Внешним видом Иван напоминал зародыша неандертальца: мощный лоб и брови над глубоко посаженными маленькими глазками – чёрными сверлящими точками, чаще всего горящими злым смехом, вроде «Ну ничего-ничего, я ещё покажу вам/им всем!» Неуклюжие не очень прямые – скорее «иксиком» – ноги с по-чаплински растопыренными лодыжками; тельце с укрупнённым животом и впалой грудью, немного сгорблен. Без обид, но объективно, не красавец даже на второй-третий взгляд. И шансов быть очарованным внутренней красотой интеллекта, чувством юмора и прочим подобным, как вы понимаете, тоже не было.
Ване и без прозвища не ахово везло в жизни. Очень простая, как мебель, мама; отец – инвалид с нарушением двигательных функций; сам – не семи пядей во лбу. Учился он в школе-интернате в пятидесяти километровом удалении от дома. В соответствии с правильной справкой – на полном пансионе у государства. Страдал он там, судя по всему, истово.

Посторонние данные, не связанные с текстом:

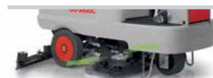
Innova 100 B
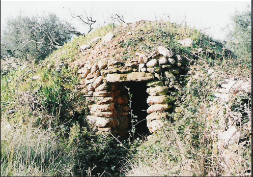
barraca 5 (X: 389539 Y: 4591050, codi W_8053) barraca 6 (X: 389522 Y: 4591099, codi W_8052),
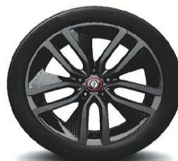
Platišča iz lahke litine 19" Alizarine Red
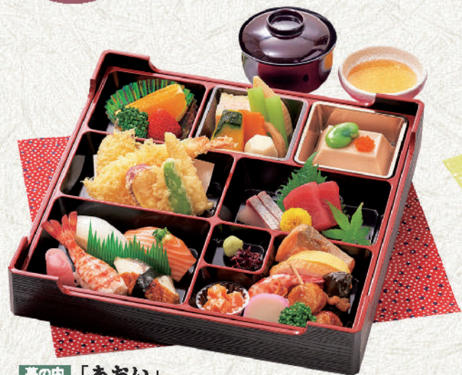
幕の内「あおい」 お吸物・天だし付 4,500円(税込) サイズ:29×29cm
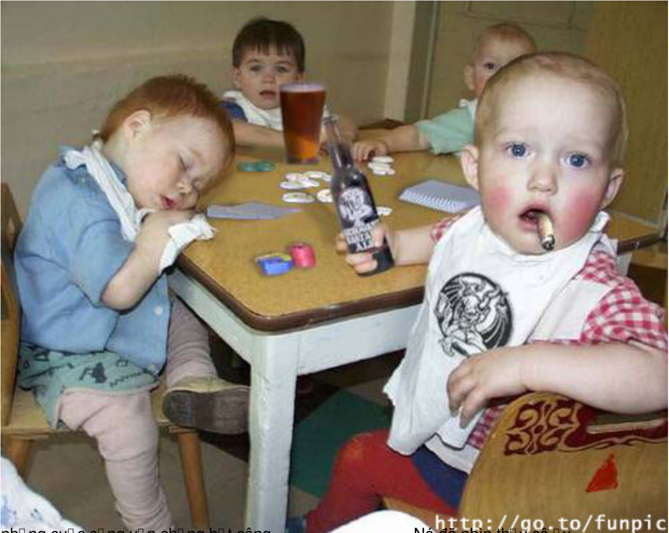
những cuộc sống vớ n chớ ng bớ t công ..... Nó đã nhìn thấy cô y .....

T&#225;c Gi&#7843;: chaunguyen..suutam.. .. Th&#7913; Ba, 01 Th&#225;ng 9 N&#259;m 2009 19:46
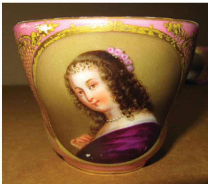
Рис. 1. Чашка с портретом Нинон де Ланкло. Неизвестная фарфоровая мануфактура. Франция. 1840-е гг. По гравюре Ф. С. Дельпеша (1778–1825) с живописного оригинала Ж. Петито (1607–1691). Фарфор; крытье, роспись надглазурная полихромная, золочение, цирровка. (Публикуется впервые). Екатеринбургский музей изобразительных искусств

Этот портрет неоднократно становился объектом интерпретации для граверов и литографов, однако наиболее близким к изображению на чашке (хоть и дающим зеркальное изображение оригинала) представляется работа французского литографа Франсуа Серафина Дельпеша ( François Séraphin Delpech , 1778–1825), предназначенная им для сборника «Французская иконография или выбор из двухсот портретов мужчин и женщин от правления Карла VII до конца правления Людовика XVI» ( Iconographie française ou choix de deux cents portraits d'hommes et de femmes depuis le règne de Charles VII jusqu'à la fin de celui de Louis XVI ) (рис. 2). К личности литографа и его работам мы обратимся далее.
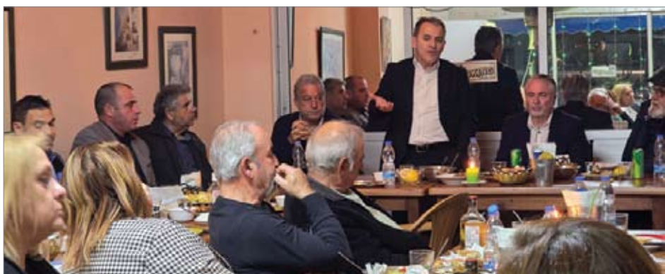
Ο υποψήφιος αντιδήμαρχος Γεροσκήπου στο νεοσύστατο δήμο ανατολικής Πάφου κύ-

Για περισσότερες πληροφορίες στα τηλέφω-

Ибо иначе как с ненавистью о школе своей не рассказывал. Соответственно, дома появлялся только на каникулах. В эту пору – когда все дети особенно веселы и активны – мы и видели Ивана. В оправданье нашей жёсткости нужно сказать, что никогда Ваня не был отвергнут от нашего «стана», включался во все игры, бродилки, купания и прочие рыбалки. Но отношение к нему было насколько сочувствующее, настолько и насмешливое. Уж как есть… По всей видимости, натерпевшись лишений, скуки и ностальгии по дому в интернате, он наши мелкие пакости вообще не замечал. В основном глупо улыбался и что-то мычал под нос.

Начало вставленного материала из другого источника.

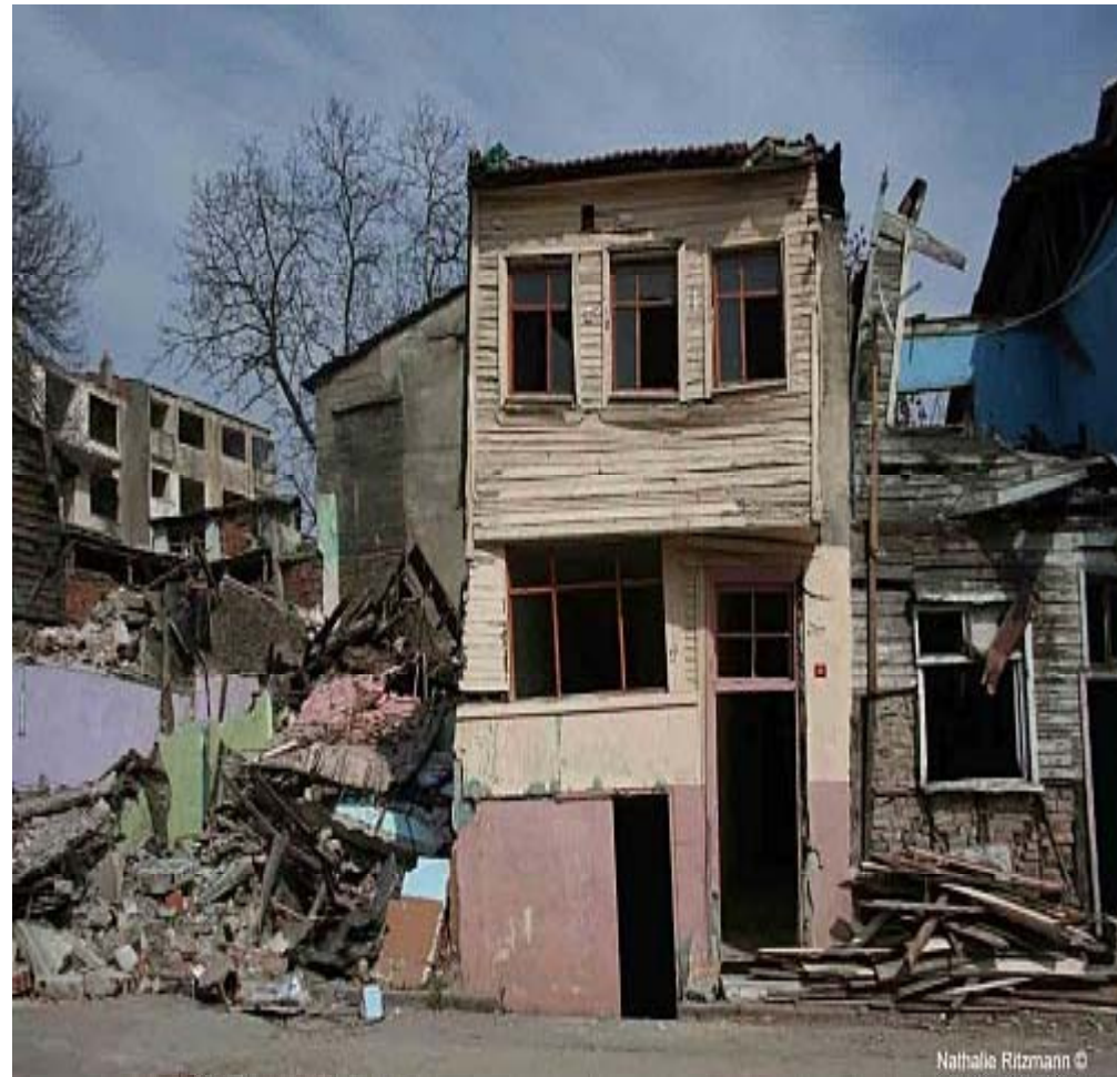
Quartier Sulukule à Istanbul (Turquie)
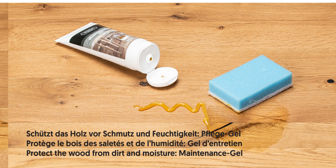
Schützt das Holz vor Schmutz und Feuchtigkeit: Pflege-Gel Protège le bois des saletés et de l'humidité: Gel d'entretien Protect the wood from dirt and moisture: Maintenance-Gel
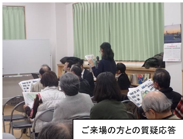
ご来場の方との質疑応答
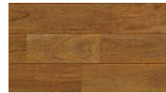
[ アンティーク ] PHFL0351
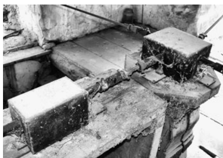
Rozvod k ciferníkům do všech stran věže.
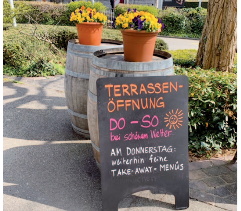
Das Kafi Carl hätte im Frühling 2020 neu eröffnet werden sollen – zum Leidwesen des Gastgeberpaars wütet seit der Eröffnung Corona.

Aus Kostengründen haben wir entschieden nur an vier Tagen zu öffnen: Donnerstag und Freitag 9 bis 18 Uhr, Samstag und Sonntag 9 bis 17 Uhr.
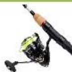
Daiwa Ninja Spinnesæt Før 1299,- Nu kun 899,-
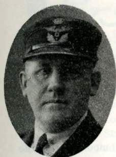
Aa. Møllebro Hgl.
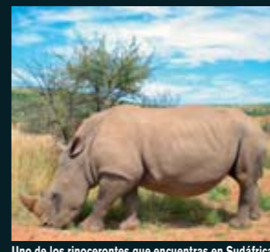
Uno de los rinocerontes que encuentras en Sudáfrica.
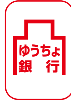
ゆうちょ銀行または郵便局にてお申込みください。
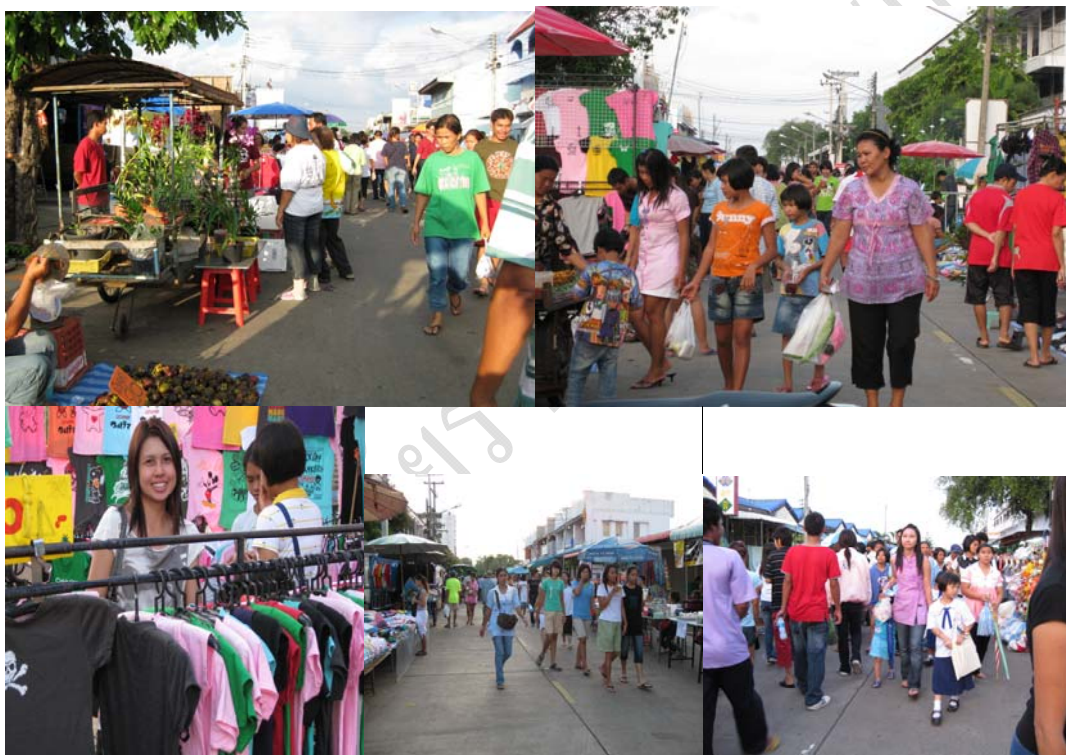
ภาพที่ 10 ประมวลภาพกลุ่มนักท่องเที่ยว และคนท้องถิ่นเดินเลือกซื้อสินค้า

นักท่องเที่ยวชอบบรรยากาศที่เป็นกันเองของผู้ประกอบการในถนนคนเดิน ชอบที่ได้เห็นวิถีชีวิต และวัฒนธรรมของคนท้องถิ่น และชอบบรรยากาศที่ดูสนุกสนานจากการสร้างสีสันของกลุ่มนันทนาการ

Сейчас, оглядываясь за плечи, я понимаю, что даже фамилии его не помню (а может, и не знал вовсе). Ну да ладно, суть – не в этом.
В чём же суть? А в том, что жил-был мальчик Ваня, фамилии неведомой, по прозвищу «пись-пись». И была у этого мальчика врождённая особенность: быть замкнутым, ходить по большей части одному и деликатно исследовать местность на предмет неправильно лежащих вещей, которые после их классификации таковыми немедля обретали хозяина и становились вещами мальчика Вани. Так сказать, вещевое усыновление. Борьба с предметной беспризорностью. В этом процессе он уже не был столь прост, как в общении. Он – подобно хорошему агенту – мог долго осматривать место хранения ненужной вещи, незаметно – прикинувшись дорожной пылью – изучать распорядок живущих или работающих рядом с вещью людей, планировать операцию по присвоению вещи, места схрона и пути отхода в случае погони. И в этом духе случалась полноценная шахматная партия, разыгранная пальцем на глобусе.

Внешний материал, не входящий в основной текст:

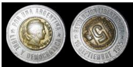
7 - Colección Chervero (Tandil) Fecha de la moneda del centro: 1948. La pieza presenta un giro de XXX
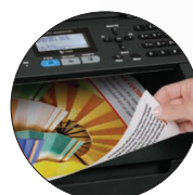
Impression recto verso automatique pour économiser de l'argent et du papier
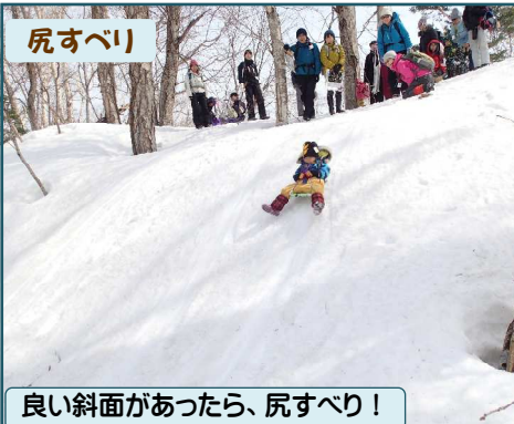
良い斜面があつたら、尻すべり!
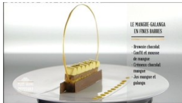
Le Mangue Galanga en fines barres
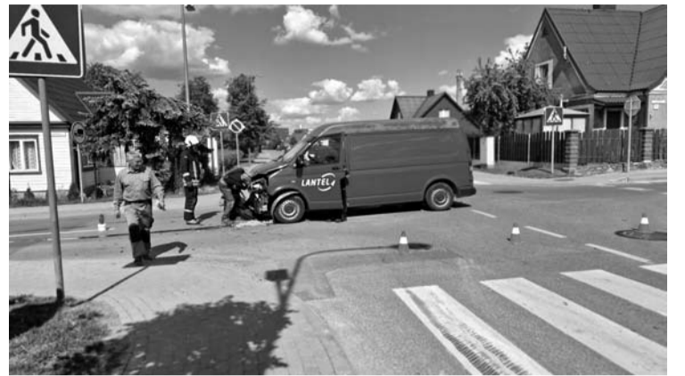
Avarijos kaltininkas, krovininio mikroautobuso vairuotojas sakė žinojęs, kad važiuoja šalutiniu keliu, o kodėl nepraleido pagrindiniu keliu važiuosio autobuso, jis paaiškinti negalėjo.
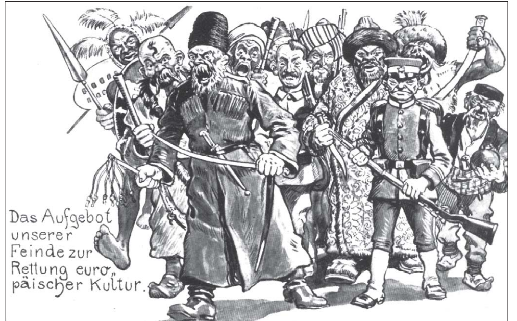
Ellenségeink mozgósítása az európai kultúra megmentésére

A Szlovákiában megválasztott 13 képviselőből mindössze Csáky Pál kapott bizottsági tisztséget. A szlovák politika ezt a helyzetet eléggé nehezen tudja megemészteni. Csákyt vádolni kezdték magyar elkötelezettsége miatt, és hogy nem képviseli a szlovák érdekeket, holott Szlovákiában került megválasztásra. Válaszában

Так, в арсенале Ивана бывали вещи, полезные сами по себе (предметы быта, типа самовара, утюга, эмалированного ведра, самоката, кувалды), так и опосредовано полезные по причине своей лёгкой сменяемости на деньги (дрова, металл, стёкла, уголь, рельс(!), кабели-провода, аккумуляторы, собачьи цепи и т.д.). И надо сказать, неодушевлённые сироты так и липли к новому папе. Везло ему, в общем, на зависть всей дворовой шпане.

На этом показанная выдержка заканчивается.